• **ABOUT THIS EXERCISE**
Under this line are records; the part from the line containing "Участники флешмоба чтений" through the line containing "Dlouhé tmavě zelené" should be repeated exactly. Please exclude pictures.

• **RECORDS PROVIDED**
--*--

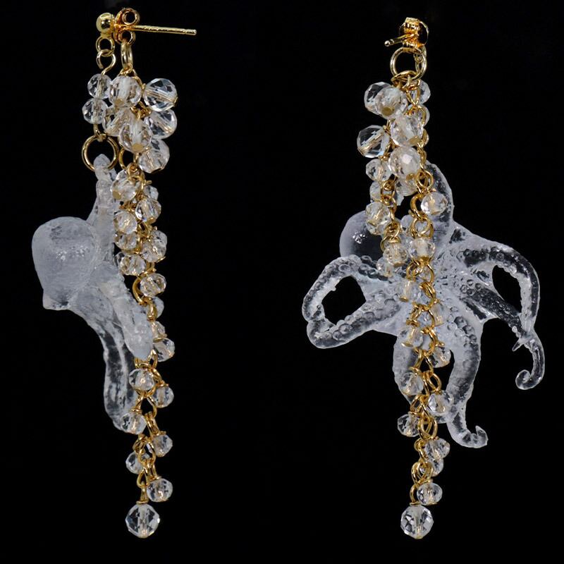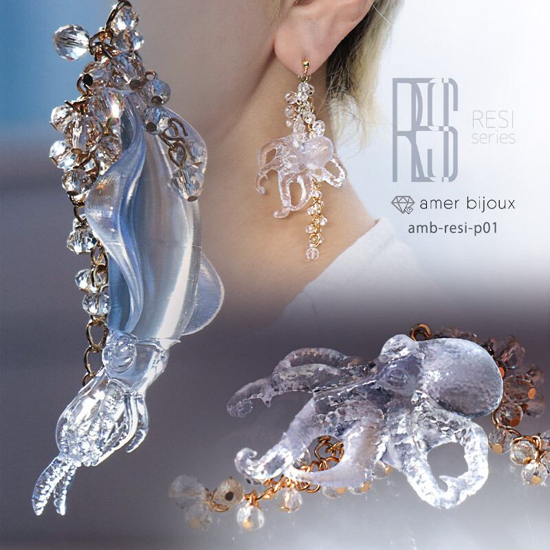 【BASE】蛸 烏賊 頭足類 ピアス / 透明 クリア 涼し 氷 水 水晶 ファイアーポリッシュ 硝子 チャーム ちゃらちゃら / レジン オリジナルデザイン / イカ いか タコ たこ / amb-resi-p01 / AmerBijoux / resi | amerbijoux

--*--

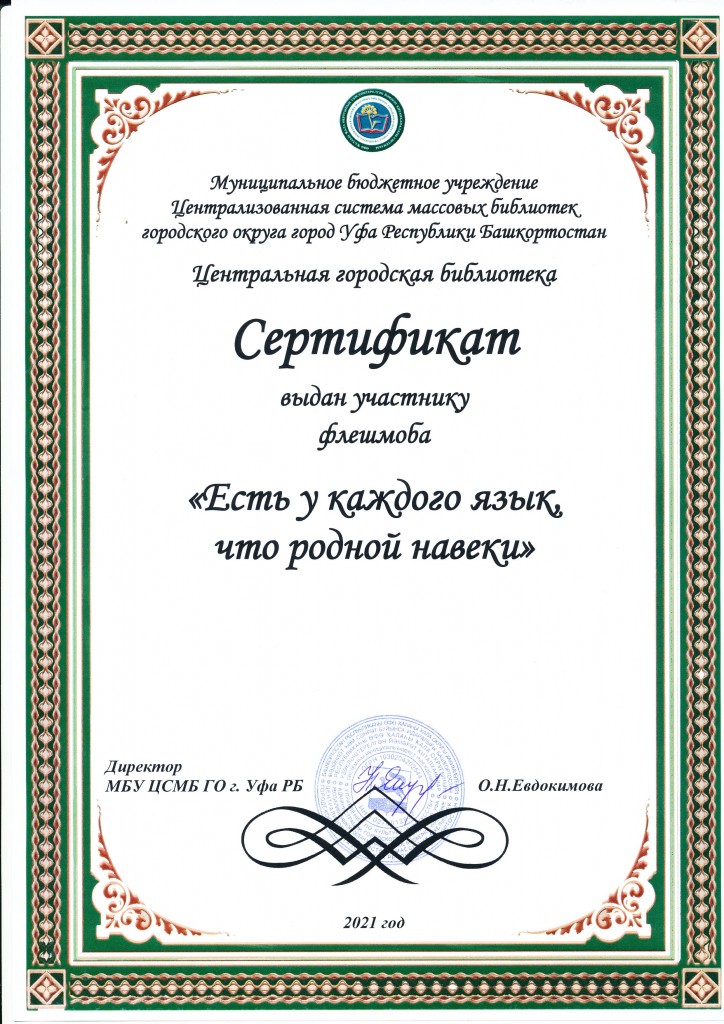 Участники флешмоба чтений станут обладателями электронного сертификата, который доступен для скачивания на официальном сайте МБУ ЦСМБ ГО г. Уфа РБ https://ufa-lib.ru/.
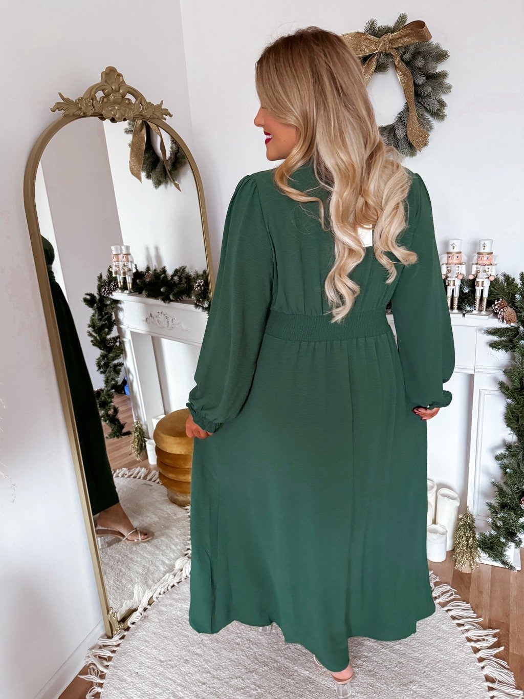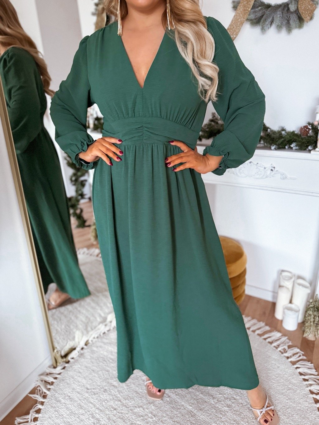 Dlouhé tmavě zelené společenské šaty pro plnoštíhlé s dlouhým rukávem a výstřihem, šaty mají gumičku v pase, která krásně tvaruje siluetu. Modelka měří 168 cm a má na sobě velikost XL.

--*--

• **RESPONSE TO THIS TASK**
 Участники флешмоба чтений станут обладателями электронного сертификата, который доступен для скачивания на официальном сайте МБУ ЦСМБ ГО г. Уфа РБ https://ufa-lib.ru/.
 Dlouhé tmavě zelené společenské šaty pro plnoštíhlé s dlouhým rukávem a výstřihem, šaty mají gumičku v pase, která krásně tvaruje siluetu. Modelka měří 168 cm a má na sobě velikost XL.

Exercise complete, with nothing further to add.